COLLABORATION CATALYST, CYBERSECURITY IMPLICATIONS
With average rack densities increasing steadily over the past few years, Vertiv experts point out that predictions of AI factory racks of 500 kW to 1 000 kW, or higher, represent an “unprecedented disruption” in an industry supported by an average density of 8.2 kW in 2020.
As a result of the rapid changes, Vertiv notes that chip developers, customers, power and cooling infrastructure manufacturers, utilities and other industry stakeholders will increasingly partner to develop and support transparent roadmaps to enable AI adoption.
In terms of cybersecurity, Vertiv explains that the increasing frequency and severity of ransomware attacks is driving a new, broader look at cybersecurity processes and the role the data centre community plays in preventing such attacks.
While one-third of all attacks in 2023 involved some form of ransomware or extortion, Vertiv notes that the current perpetrators are leveraging AI tools to ramp up their assaults, cast a wider net and deploy more sophisticated approaches.

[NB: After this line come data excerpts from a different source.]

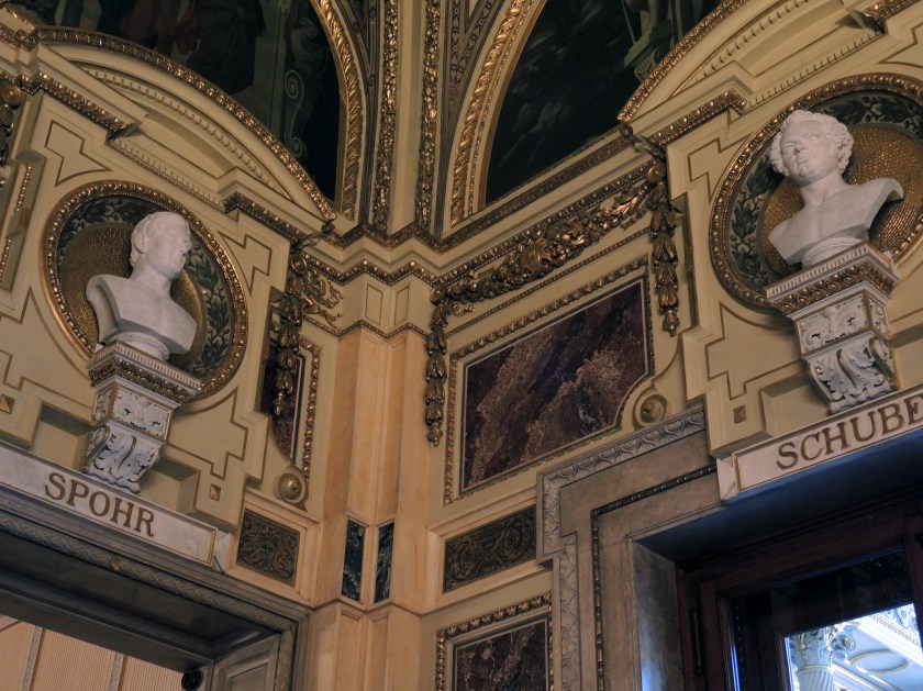 After the climb, the tour explored the highlights of the venue, including the Grand Staircase. Tea Salon, Marble Hall, Schwind Foyer, Gustav Mahler Hall.
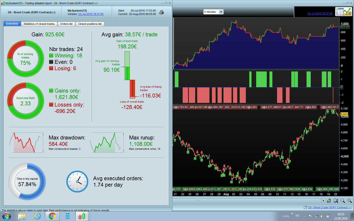 It is an automated strategy used for Brent oil CFD on 5 minute chart with good results since October 2015 as i don’t have more data to run it. Trailing stop code from Nicolas.
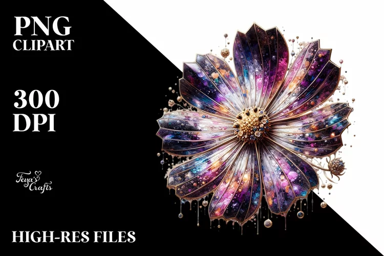 Detailed Shiny Cosmos | Sublimation | Clipart example image 1
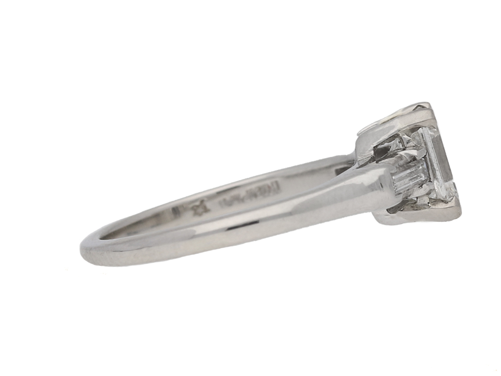 Emerald-cut diamond flanked solitaire ring, American, circa 1950.

Attacks increasingly started with an AI-supported hack of control systems, embedded devices or connected hardware and infrastructure systems that were not always built to meet the same security requirements as other network components, Vertiv noted.
Without proper diligence, Vertiv warns that even the most sophisticated data centre can be rendered “useless”.
REGULATIONS
As the final key trend for 2025, Vertiv expects the potential for regulations to increasingly address the use of AI itself, with global governments and regulatory bodies racing to assess the implications of AI and develop governance for its use.
The trend toward sovereign AI – a nation’s control or influence over the development, deployment and regulation of AI and regulatory frameworks aimed at governing AI – is a focus of the EU’s Artificial Intelligence Act and China’s Cybersecurity Law and its AI Safety Governance Framework.
Vertiv also points out that Denmark recently inaugurated its own sovereign AI supercomputer, and many other countries have undertaken their own sovereign AI projects and legislative processes to further regulatory frameworks – an indication of the trajectory of the trend.
“Some form of guidance is inevitable, and restrictions are possible, if not likely,” states Vertiv.